The histogram in Figure 11 looks quite different to that in Figure 10, but then this is not surprising as the whole display has been compressed into fewer bars. The basic shape remains similar, so you might be tempted to conclude that the choice of grouping does not really matter. But suppose we retain groupings of width 0.3 kg and choose a different starting point. Suppose we make Group 1 go from 0.8 to 1.1kg, Group 2 from 1.1 to 1.4kg, and so on. The resulting histogram is shown in Figure 12(a). In Figure 12(b), the groups again have width 0.3kg, but this time the first group starts at 0.9 kg.
Activity 5: Comparing histograms
What information do the histograms in Figures 10, 11 and 12 give about the possibility that the children are split into two (or more) identifiable groups on the basis of birth weight?
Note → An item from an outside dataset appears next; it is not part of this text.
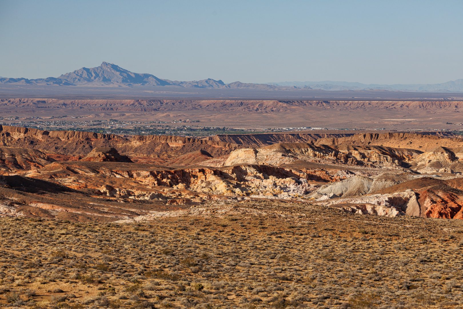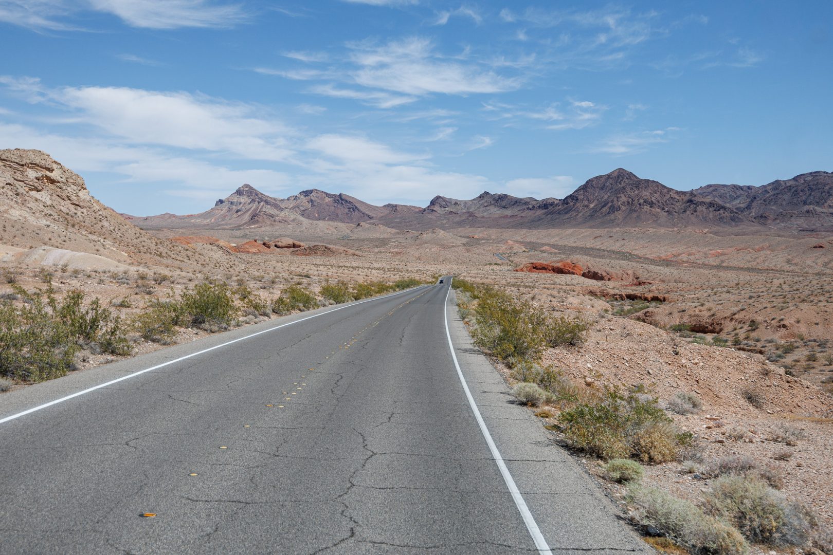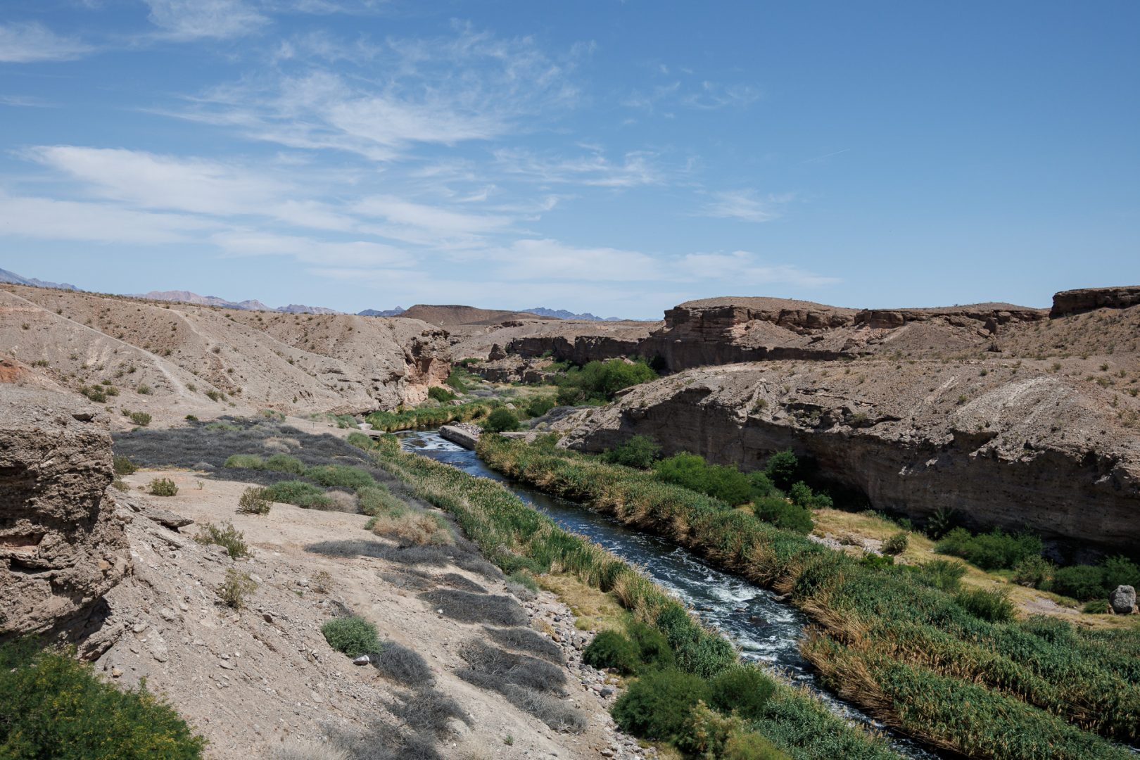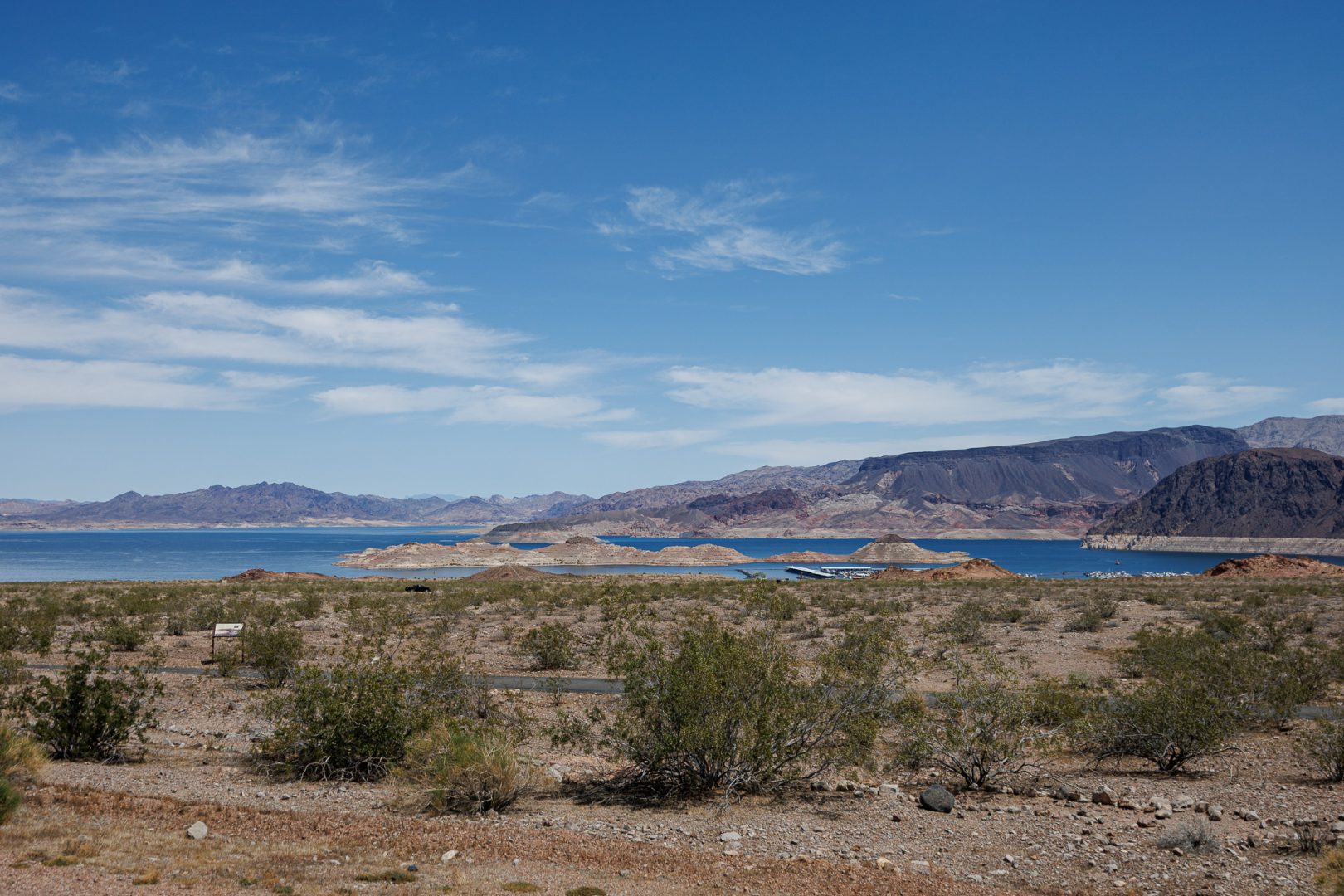 Nous quittons maintenant le barrage et poursuivons vers le nord en longeant le lac Mead qui a une surface de 640 kilomètres carrés lorsque le niveau d’eau est à son maximum. Entre 2020 et 2022, une baisse historique du ruissellement a vidé les lacs Mead et Powell à des niveaux critiques (environ 34 % de leur capacité), forçant les premières coupes fédérales de consommation d’eau en 2022.

You might have felt that only Figures 10 and 12(b) give a really clear indication that the data are split into two ‘clumps’. Figures 10, 11 and 12(a) all give, to varying degrees, the impression that there is perhaps an identifiable group of babies with particularly low birth weights.
What you have seen in Figures 10 to 12 is a series of visual displays of a data set which warn you against trying to reach firm conclusions from histograms. It is important to realise that histograms often produce only a vague impression of the data – nothing more. One of the problems here is that we have only 50 data values, which is not really enough for a clear pattern to be evident. However, the histograms all convey one very important message: the data do not appear in a single, concentrated clump. Clearly it is a good idea to look at the way frequencies of data, such as the birth weights, are distributed and, given that a statistical computer package will quickly produce a histogram for you, comparatively little effort is required. This makes the histogram a valuable analytic tool and, in spite of some disadvantages, you will find that you use it a great deal.
It is, of course, quite feasible to produce grouped frequency tables and draw histograms by hand. However, the process can be very long-winded, and in practice statisticians almost always use a computer to produce them.